The country of Georgia faces the biggest hacking attack in its history



On Oct. 29th, Georgia—a country that sits at the intersection of Western Asia and Eastern Europe—experienced the largest cyber attack in its history. During this cyber attack, 15,000 websites were taken down. The majority of affected websites included local newspapers, government agencies, banks, and courts.

A local web hosting provider called Pro Service has officially taken blame for the breach, admitting that its servers were the cause of a successful network breach that resulted in a massive country-wide outage. Although roughly half of websites were restored by the end of the day, it caused quite a stir in Georgia.

Pro Service experienced a digital vandalism “website defacement” attack, where original content is replaced by the hacker’s content. Mass defacement involves the overhaul of a large cluster of sites that sit on the same server.

Typically, hackers with strong opinions or politically motivated goals use a SQL injection to deface a website. Most often, the offenders are extremist hackers against government agencies, big corporations, or religious organizations. The hacker’s intent is to get their own point across and/or ostracize the targeted site(s) from their followers or customers.

This is precisely what happened in Georgia. Attackers showed an image of the country’s former president, Mikheil Saakashvili, overlaid with the text, “I’ll be back.”

Saakashvili was well-received in the country, and served two consecutive terms from 2004 to 2013. He took a pro-West political approach, and is currently wanted by new Georgian government for criminal charges that Saakashvili believes are politically driven and unjust. After leaving Georgia, he was granted citizenship in the Ukraine, where we went on to serve as governor.

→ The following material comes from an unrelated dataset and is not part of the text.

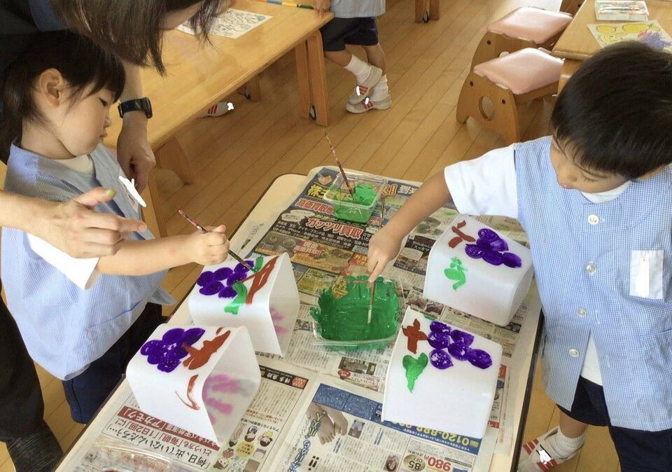 おじいちゃん、おばあちゃんへのプレゼント作りも絵の具で手形やスタンプにしました。喜んでもらえると嬉しいなぁ〜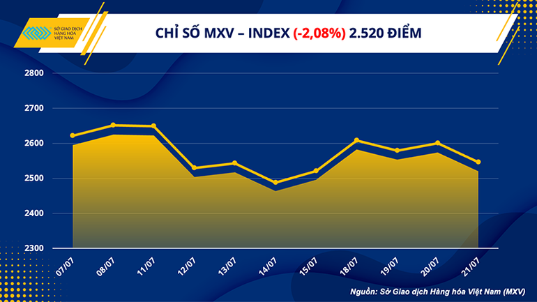 Mặc dù tất cả chỉ số MXV-Index của 4 nhóm nguyên liệu đều kết thúc phiên với mức điểm thấp hơn, tuy nhiên dòng tiền đầu tư đã tăng lên mạnh mẽ tại cả 4 nhóm. Điều này giúp giá trị giao dịch toàn Sở phục hồi mạnh mẽ lên mức hơn 3.700 tỷ đồng, tương đương với mức tăng khoảng 23%.

Avoiding a breach crisis isn’t just about choosing the right hosting provider. Moving forward, we hosting providers and business owners will likely employ tighter security measures. This level of security begins in the development phase—the foundation for all websites. The technology that programmers use around the world is responding to growing digital threats that take a preventative approach against hacking.

For example, Docker (a tool that allows developers to create, deploy, and run versatile software applications) recently announced the release of a two-factor authentication that would result in less vector attacks. Docker also allows for various system unifications, like Docker registry integration by jFrog, that make vulnerability analysis a feasible goal.

The mass attack on Georgian websites barely scratches the surface on what’s happening with data privacy and site security today. According to Cybergates.org, in 2017, nearly 830,000 .com domains experienced website defacement. In the hacking community, there are even contests to determine who can deface the most websites.

And that’s not all. Another study from Panda Security found that nearly 230,000 new malware samples are being launched every day. Furthermore, 27% of all malware that has ever existed was released in 2015 alone. The cost of cybercrime damage is expected to reach $6 trillion by the end of 2021.